(Entries taken from a collection)
━━━━━━━━━━

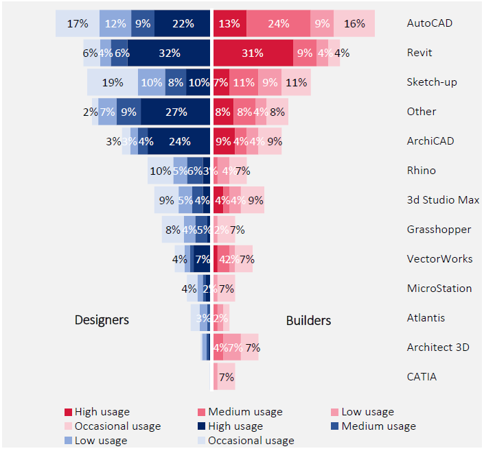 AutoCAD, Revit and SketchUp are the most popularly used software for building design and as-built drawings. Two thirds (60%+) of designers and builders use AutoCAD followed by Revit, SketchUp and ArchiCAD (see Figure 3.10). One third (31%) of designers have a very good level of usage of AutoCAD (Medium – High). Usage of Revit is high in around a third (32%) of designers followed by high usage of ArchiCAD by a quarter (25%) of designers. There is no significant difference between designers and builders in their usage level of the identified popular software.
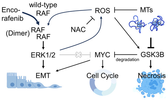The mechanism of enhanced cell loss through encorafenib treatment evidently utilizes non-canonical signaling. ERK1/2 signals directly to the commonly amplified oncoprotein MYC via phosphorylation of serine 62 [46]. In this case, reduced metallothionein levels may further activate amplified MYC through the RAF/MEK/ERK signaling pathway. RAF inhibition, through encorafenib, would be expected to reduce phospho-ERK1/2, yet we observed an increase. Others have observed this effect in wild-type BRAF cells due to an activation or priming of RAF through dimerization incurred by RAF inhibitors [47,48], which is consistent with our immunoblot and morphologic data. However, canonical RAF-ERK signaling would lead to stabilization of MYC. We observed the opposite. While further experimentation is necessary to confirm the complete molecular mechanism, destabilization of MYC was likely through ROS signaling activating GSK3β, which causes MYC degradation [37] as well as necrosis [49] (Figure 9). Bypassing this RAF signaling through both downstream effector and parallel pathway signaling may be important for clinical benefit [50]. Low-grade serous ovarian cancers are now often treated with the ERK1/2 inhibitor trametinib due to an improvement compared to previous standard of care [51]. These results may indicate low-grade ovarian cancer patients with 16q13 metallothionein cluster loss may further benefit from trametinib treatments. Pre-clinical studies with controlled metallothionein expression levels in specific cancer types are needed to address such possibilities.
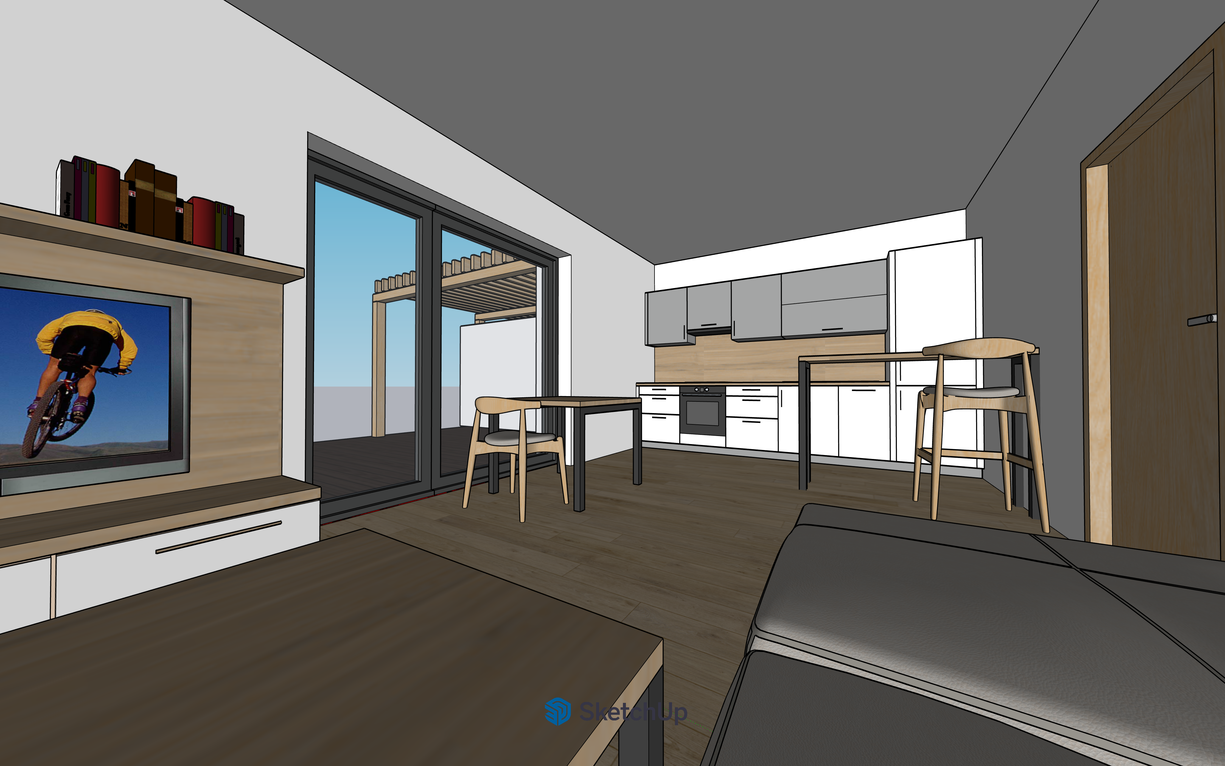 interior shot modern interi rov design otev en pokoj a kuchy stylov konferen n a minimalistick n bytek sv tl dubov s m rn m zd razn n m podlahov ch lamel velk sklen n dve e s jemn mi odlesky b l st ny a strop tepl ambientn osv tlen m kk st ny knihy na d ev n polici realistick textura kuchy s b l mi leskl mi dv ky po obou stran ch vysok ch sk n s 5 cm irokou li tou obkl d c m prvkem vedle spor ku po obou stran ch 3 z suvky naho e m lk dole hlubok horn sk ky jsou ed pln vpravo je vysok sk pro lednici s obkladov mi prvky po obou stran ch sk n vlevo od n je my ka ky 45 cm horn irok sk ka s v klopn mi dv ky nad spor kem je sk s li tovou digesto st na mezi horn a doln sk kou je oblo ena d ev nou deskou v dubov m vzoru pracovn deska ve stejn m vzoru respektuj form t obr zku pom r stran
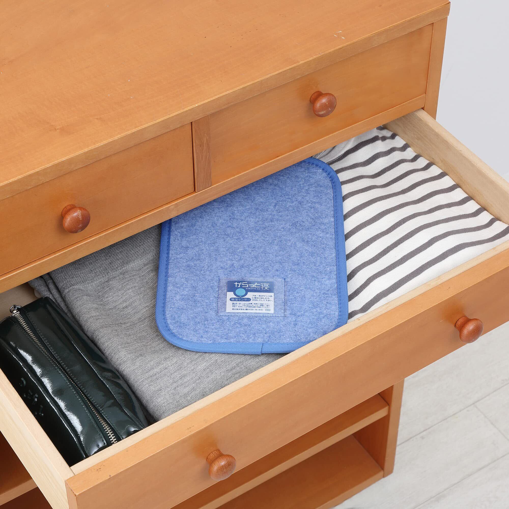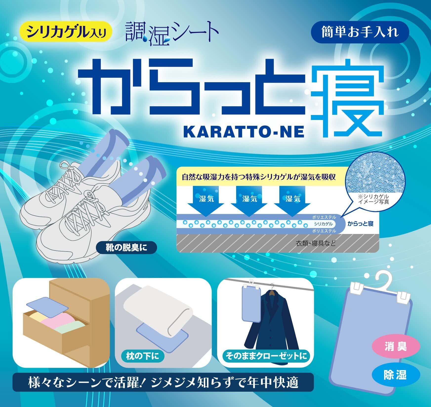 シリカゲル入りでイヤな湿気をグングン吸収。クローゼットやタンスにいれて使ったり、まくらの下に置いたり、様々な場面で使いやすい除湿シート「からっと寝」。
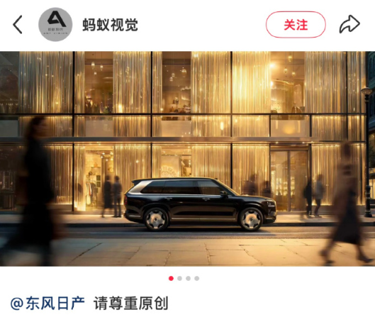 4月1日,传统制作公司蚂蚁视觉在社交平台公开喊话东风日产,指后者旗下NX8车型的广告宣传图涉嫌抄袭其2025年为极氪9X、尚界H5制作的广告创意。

━━━━━━━━━━

#### Task statement
Copy the lines from the line that contains "シリカゲル入りでイヤな湿気を" through the end of the records, exactly and with nothing added; leave the pictures out.

#### Result of the exercise
 シリカゲル入りでイヤな湿気をグングン吸収。クローゼットやタンスにいれて使ったり、まくらの下に置いたり、様々な場面で使いやすい除湿シート「からっと寝」。
 4月1日,传统制作公司蚂蚁视觉在社交平台公开喊话东风日产,指后者旗下NX8车型的广告宣传图涉嫌抄袭其2025年为极氪9X、尚界H5制作的广告创意。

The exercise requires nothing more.